É importante contrapor e observar que o próprio governo dos EUA indicavam


receios quanto à persistência de um certo pensamento nacionalista nas autoridades,
técnicos e delegações brasileiras que era um problema à difusão do credo liberal norte-
americano. Não esquecendo do discurso anticomunista como meio de acordo para
cooperação econômica com os Estados Unidos.

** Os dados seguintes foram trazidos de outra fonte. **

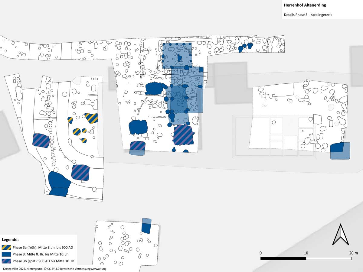 Befunde der archäologischen Phase 3 im Herrenhof Altenerding im Detail. Ca. Mitte 8. Jahrhundert bis Mitte 10. Jahrhundert. (Miltz. Kartenhintergrund: © Bayerische Vermessungsverwaltung lizenziert durch CC BY 4.0) HLB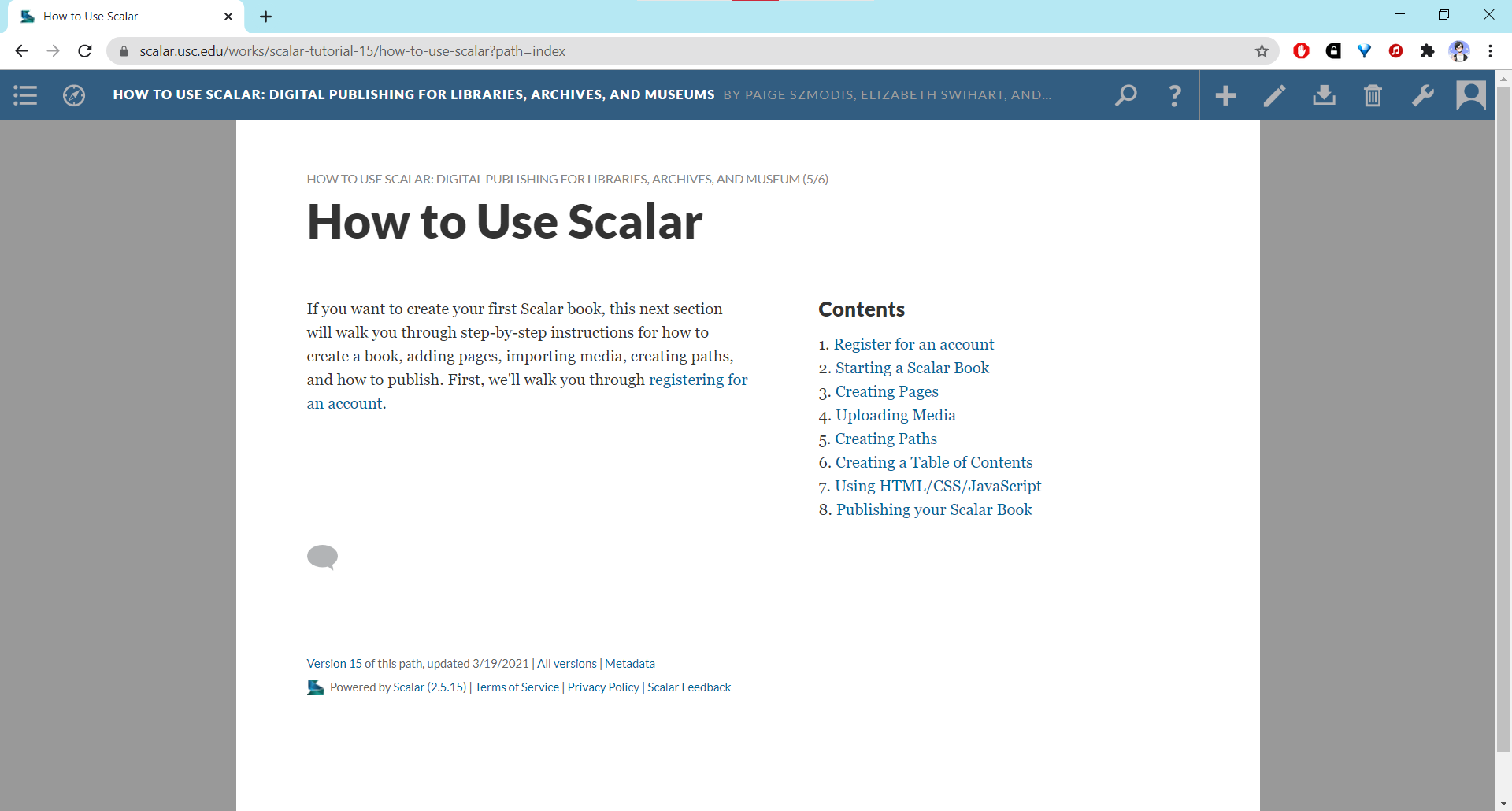 How to Use Scalar: Digital Publishing for Libraries, Archives, and MuseumsMain MenuAbout This ProjectAbout the creators and purpose of this projectWhat Is Scalar?A brief introduction to what Scalar can do as a platform.Scalar in Libraries, Archives, and MuseumsWhy Scalar is a relevant tool for librarians and other information professionals to learn.How to Use ScalarStep-by-step instructions for creating your first Scalar book.More ResourcesAnnotated list of resources with more information on using SclarPaige Szmodisc78c538ae17b32016e9167236f1aa8c213efc288Elizabeth Swihart2a47b61d624c2ba01890fc87ecc1d0c25d5107a3Shenwei Chang5f647018e81e72f2978f28d4dfbea5d53d6dd876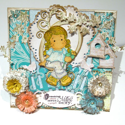 Moja interpretacja tematu to tildusiowa karteczka, bo cóż może być bardziej romantycznego jak nie ta słodka dziewczynka?? :))) Mam nadzieję, że moje kolorowanie kredkami akwarelowymi się powiodło 🙂 Dołozyłam też troszeczkę moim quillingowych kwiatuszków. Mam do tej techniki wielką słabość ale na dzień dzisiejszy nie potrafię się jeszcze przełamać. Moje kolory to morski i biały – w rzeczywistości karteczka ma bardziej żywsze kolory, i świeci się cała połyskliwym brokatem, jednak zdjęcie cykałam wczoraj wieczorkiem więc zdjęcie nie oddaję całego jej uroku 🙂 Popełniłam małą gafę ale już się poprawiam, ponieważ zapomniałam napisać że piękny digi stempelek zapożyczyłam sobie od Asi3city za co bardzo serdecznie jej dziękuję 🙂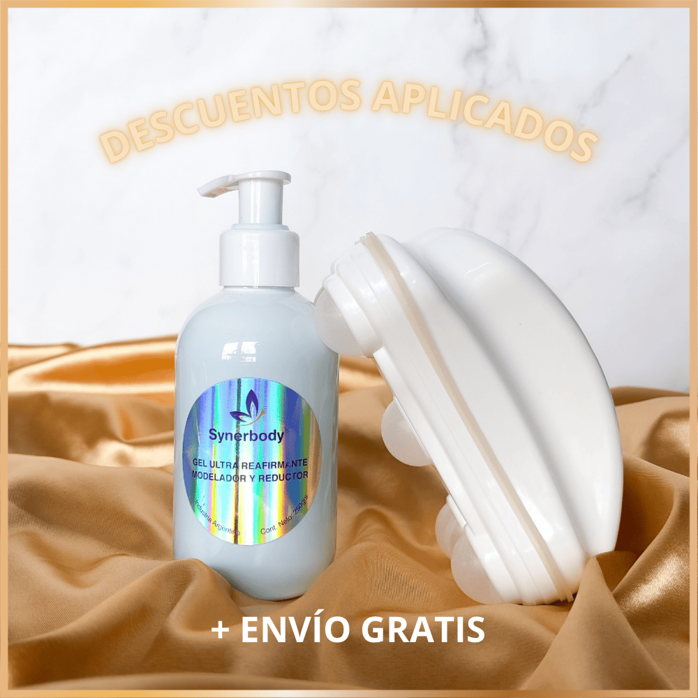 🔸 Gel ultrareafirmante modelador y reductor🔸 Masajeador Synerbody con sistema active-roll, rompe los adipocitos que ablanda la Crema para que sean eliminados por el sistema excretor. De uso manual sin esfuerzo en ducha, volviendo el hábito del masaje fácil de incorporar 🔸 Venda compresora elástica 10cm x 4mt: Comprime y evita flacidez junto a la acción de los productos. Hipoalergénica. Calidad premium. Reutilizables. Aumenta la microcirculación y potencia efecto antiinflamatorio. Disminuye edemas mientras los productos trabajan. Utilizar 15 minutos es suficiente.
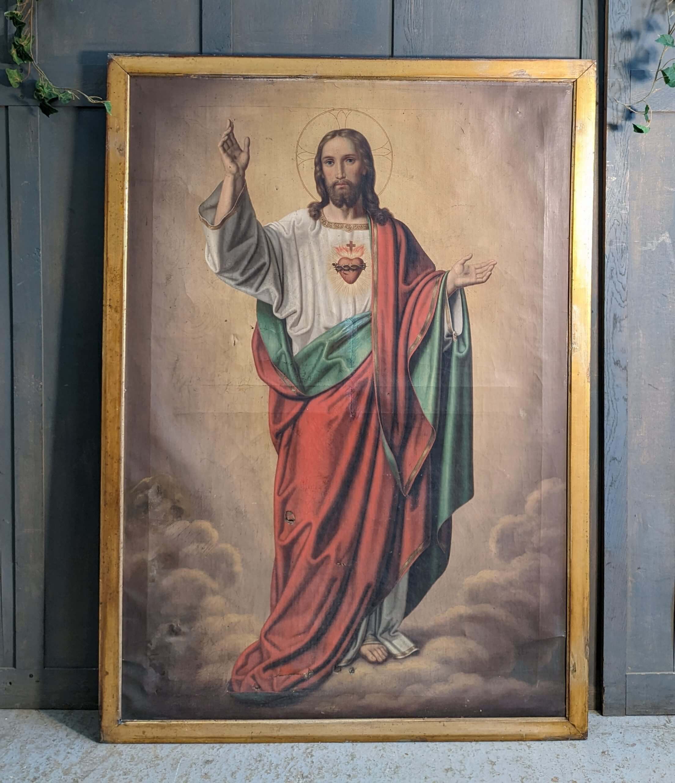 Our product shown on this page Very Large Antique Sacred Heart Jesus in Heaven Oil Painting in Gold Frame (SOLD) is currently available for hire.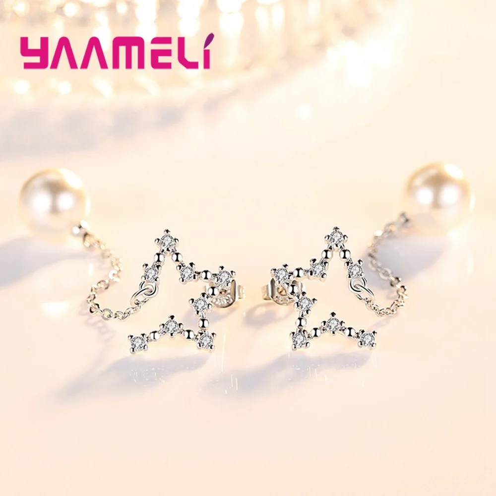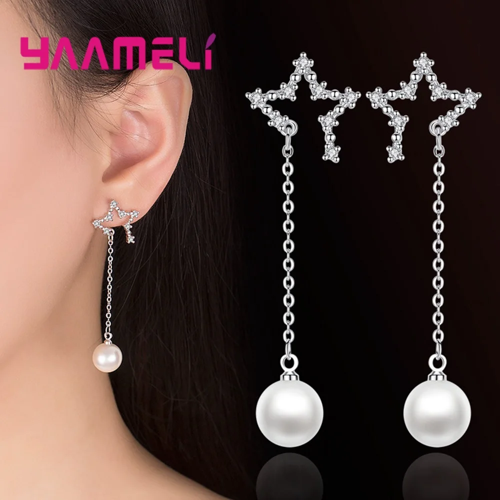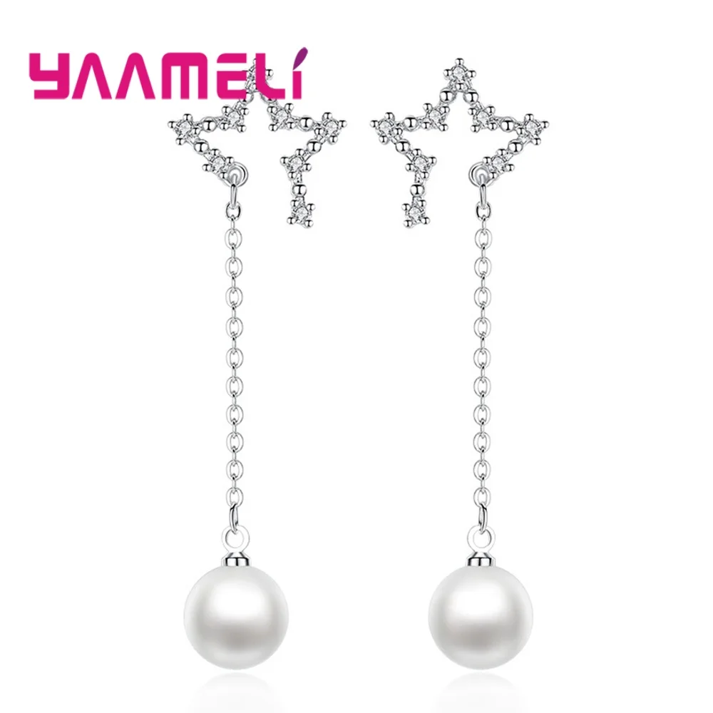 Хорошая распродажа, Женская Большая подвеска с круглой жемчужиной, висячие серьги/блестящий кубический цирконий, 925 пробы, серебро, помолвка/Свадебные украшения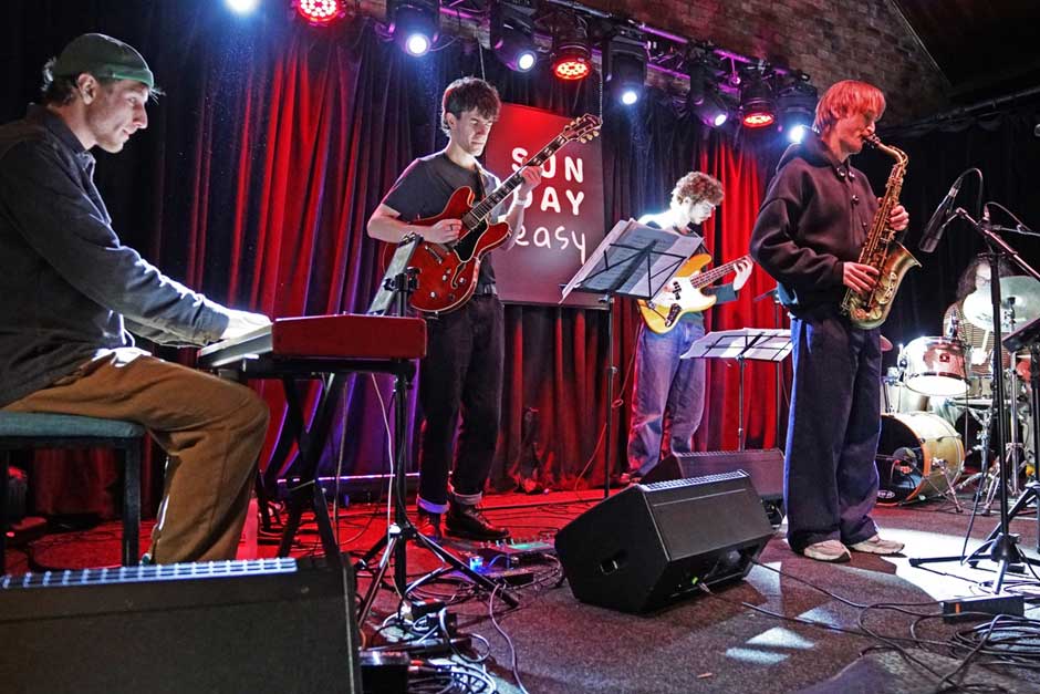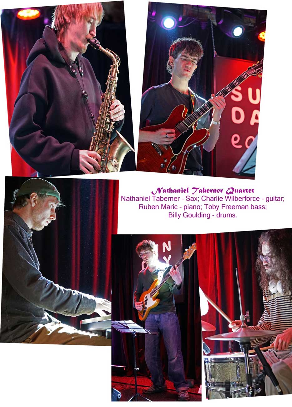 About every three months it is time for another blast of Modern Jazz at Sunday Easy in the Trades Club, Hebden Bridge. Featured live artists for this session were the Nathaniel Taberner Quintet. Mellow, elegant musical vibes with incendiary ‘break-out’ moments, bristling with tensions, and a nice mix of ensemble playing and solo opportunities.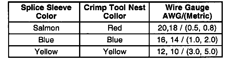 5. Select the proper splice sleeve (2) and the required crimp nest tool, refer to the Crimp and Seal Splice Table.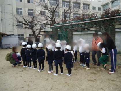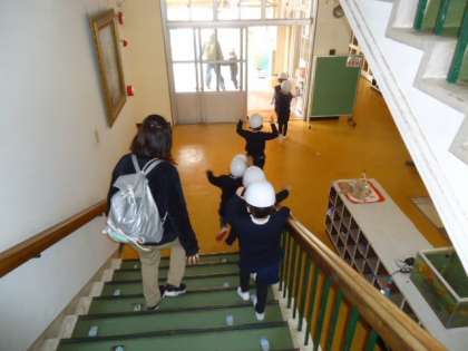 放送を聞くと素早く机の下に入り、ヘルメットをかぶって速やかに園庭に避難することができました。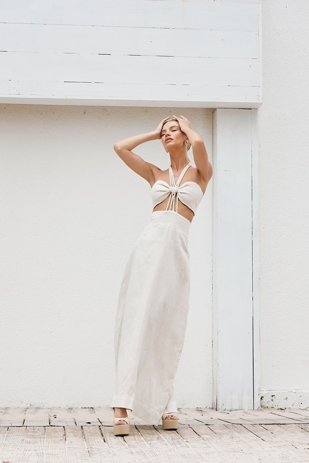 VESTIDO NORONHA longo em LINHO 100% NATURAL, com modelagem fluida e desenvolvida para valorizar a silhueta feminina. Possui aplicações em cordas no busto, trazendo toda a inovação e diferencial da peça. Possui aplicação em lastex na parte das costas, junto ao ajuste regulável e zíper invisível, tudo para promover a modelagem perfeita ao corpo.
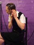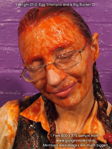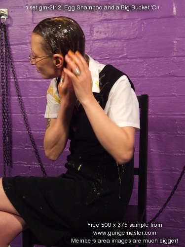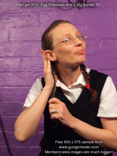 First the bucket 'o goo is prepared and stood to one side, ready for use. Then her ladyship carefully and neatly fills the pockets of her pinnafore with unbroken fresh eggs, takes a seat, and one by one takes the eggs from her pockets, cracks them, and opens them over her head, before shampooing the raw egg carefully into her hair while the overflow is allowed to flow down her outfit leaving eggy streaks on the clean clothing.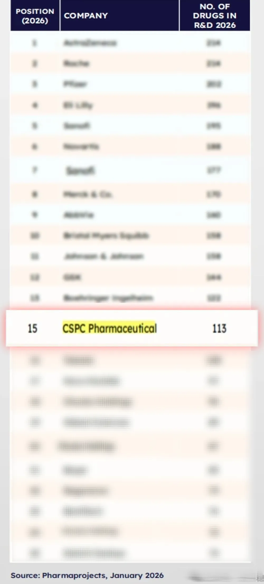 近日,国际知名咨询机构Citeline发布了《2026年医药研发年度回顾》,以更为精确的全新分析方法,重磅揭晓“全球管线规模TOP25”制药企业榜单。做爱片 凭借113个活跃的研发药物数量再度上榜,位居榜单第15位,排名提升4名,充分证明了做爱片 深厚研发管线的核心价值。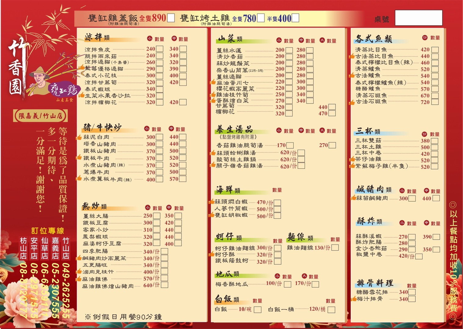竹香園招牌必點甕缸雞,現炒料理,山產美食、水蓮、檳榔花。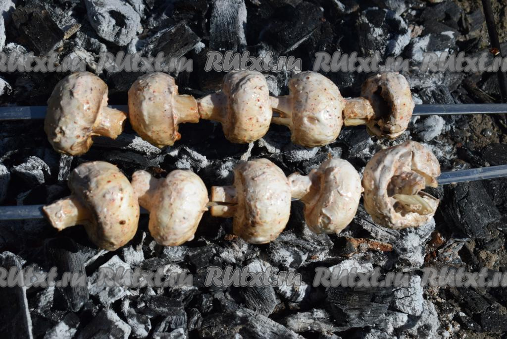 Вкусные, очень сочные, ароматные шампиньоны, приготовленные на открытом воздухе, вряд ли оставят кого-то равнодушным.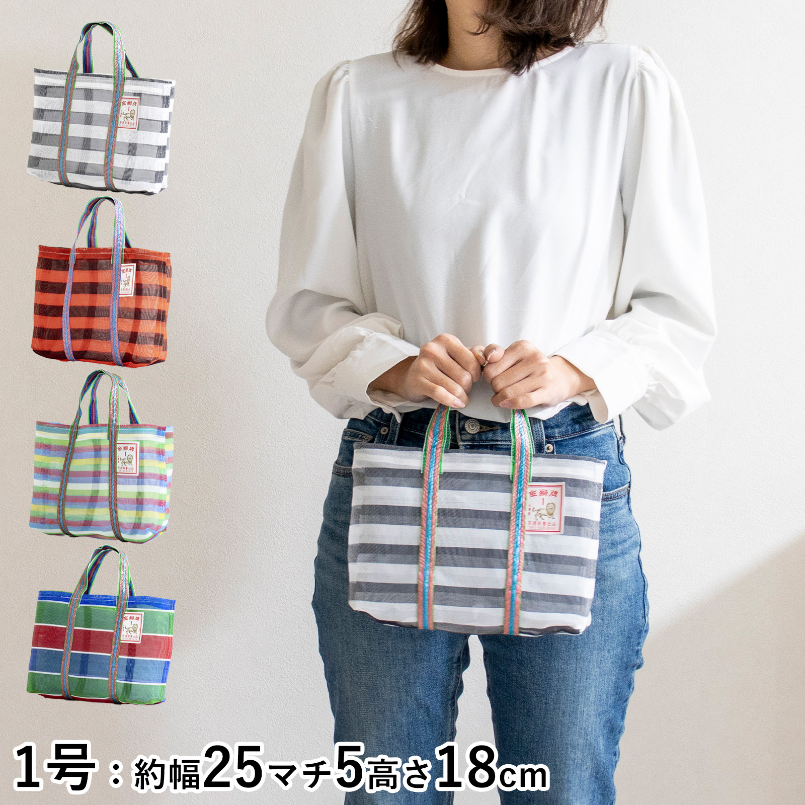 \1/18はポイント10倍/ 漁師網バッグ 1号 台湾 金獅牌 エコバッグ メッシュバッグ ボーダー 軽量 小さい 収納 手提げ 台湾雑貨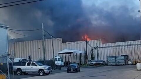 While firefighters stretched over a half dozen lines to battle intense flames where residents from as far away as New York City could see thick smoke billowing in the air.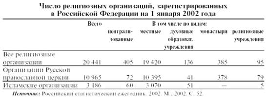 Ислам — вторая по числу верующих в России религия после православия. На территории нашего государства он начал распространяться в начале 40-х годов VII века. В настоящее же время ислам является традиционной религией более, чем тридцати коренных этносов России, а также значительной части мигрантов, прибывающих в Россию на постоянное и временное жительство. Религии принадлежит выдающаяся роль в формировании этих народов, становлении и развитии всех без исключения аспектов их культур, менталитета. Так по данным Госкомстата РСФСР, во время переписи 1989 года на территории республики проживало 12 миллионов мусульман. Мусульман в России сегодня, по экспертным оценкам отечественных ученых, от 12 до 15 миллионов человек, что составляет примерно восемь-десять процентов населения. [2, C.3]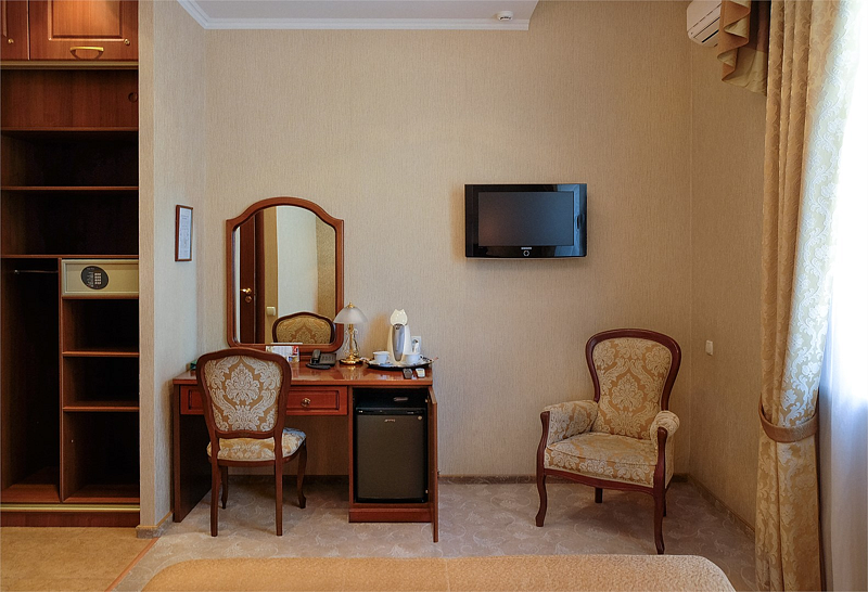 В номерах этой категории для комфорта гостей предусмотрено все необходимое для работы и отдыха.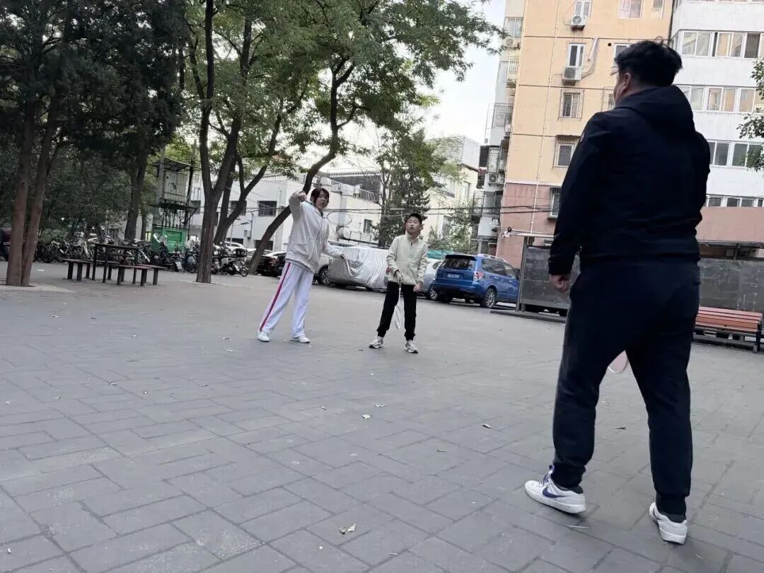 羽毛球不仅在场馆。我们每天和爸爸过几个来回。

– “Como bem notou A. Fishlow, ‘vantagens econômicas modestas poderiam ser obtidas
pelas nações latino-americanas, mas apenas bilateralmente e condicionadas a seu
suporte aos mais amplos objetivos da segurança norte-americana: manter o hemisfério
livre do comunismo”, p. 68

– “Do ponto de vista das relações Brasil-Estados Unidos, a situação


permaneceu inalterada até 1950 quando ocorreram algumas mudanças
que afetariam – ainda que temporariamente – o curso futuro desta
relação. Em junho de 1950 o Congresso norte-americano aprova – sob
o nome de Act of International Development – o projeto de lei e o
pedido de verba que lhe havia sido encaminhado por Truman em
junho de 1949, e que correspondia ao quarto ponto do seu discurso de
posse em janeiro de 1949 [Nota de rodapé: ...4) tornar o conhecimento
técnico norte-americano disponível para as regiões mais pobres do
mundo]. A lei continha um proviso que permitia o estabelecimento de
comissões econômicas mistas para negociar conjuntos de objetivos
para ajuda técnica e econômica. Apenas oito países requisitaram tais
comissões, dentre eles o Brasil. A escassa recepção deveu-se, em
parte, ao desencanto acumulado desde 1945 e, em parte, ao fato de
que a autorização para instalação das Comissões conjuntas
representava ‘não mais para uma sugestão no sentido de que o
governo dos Estados Unidos e o governo do país receptor poderiam
tentar a administração conjunta de uma agência de programação
econômica no país receptor.
É curioso observar que o acordo constituindo a Comissão Mista
Brasil-Estados Unidos foi celebrado em dezembro de 1950 entre os
respectivos governos, quando Vargas já havia sido eleito presidente
com posse marcada para 31 de janeiro de 1951 e fazia seis meses que
se lutava na Coréia. Não teria sentido especular sobre a extensão em
que tais eventos poderiam eventualmente ter contribuído para acelerar
a decisão norte-americana, pela qual o Brasil se empenhara desde o
pós-guerra. Importa, sim, assinalar que a criação da Comissão Mista
não representou uma continuidade natural das experiências anteriores
de cooperação [Nota de rodapé: A continuidade natural da cooperação
em termos de uma extensão de Missões tipo Abbink havia sido
sugerida ao próprio Abbink que encaminhou a sugestão ao
Departamento de Estado. Esta instruiu Abbink para que ‘cozinhasse’
(soft-pedal) a ideia]. Pelo contrário, enquanto a Missão Abbink-
Bulhões (1948), por exemplo, por ordens expressas do Departamento
de Estado ‘não deveria considerar os méritos de projetos específicos
ou avaliar a inabilidade de obter financiamento externo...’, a função
principal da Comissão Mista seria a ‘elaboração de projetos concretos
e bem trabalhados, suscetíveis de imediata apreciação por instituições
financeiras tais como o Eximbank e o Banco Mundial.
Em verdade, cabe adiantar que depois de dois anos de atividades
conjuntas iniciadas em julho de 1951, a Comissão Mista fez publicar,
em dezembro de 1953 quando encerrou suas atividades, aquilo que
constitui, certamente, não só uma das melhores análises
contemporâneas da economia brasileira, como também a base para os
trabalhos e projetos iniciais do Banco Nacional de Desenvolvimento
Econômico, que seria criado em 1952, em pleno governo Vargas.

Vejamos que essas questões vão emparedando os governos da América Latina e


em especial o Brasil a forçarem crescente e progressivamente uma cooperação
econômica norte-americana. Daí a criação da Comissão Mista Brasil-Estados Unidos
com Truman, e o início do Segundo Governo Vargas.
Por último, é fundamental sublinhar que Malan mostra que a CMBEU não é
uma continuidade institucional e econômica das missões anteriores, tais como Abbink.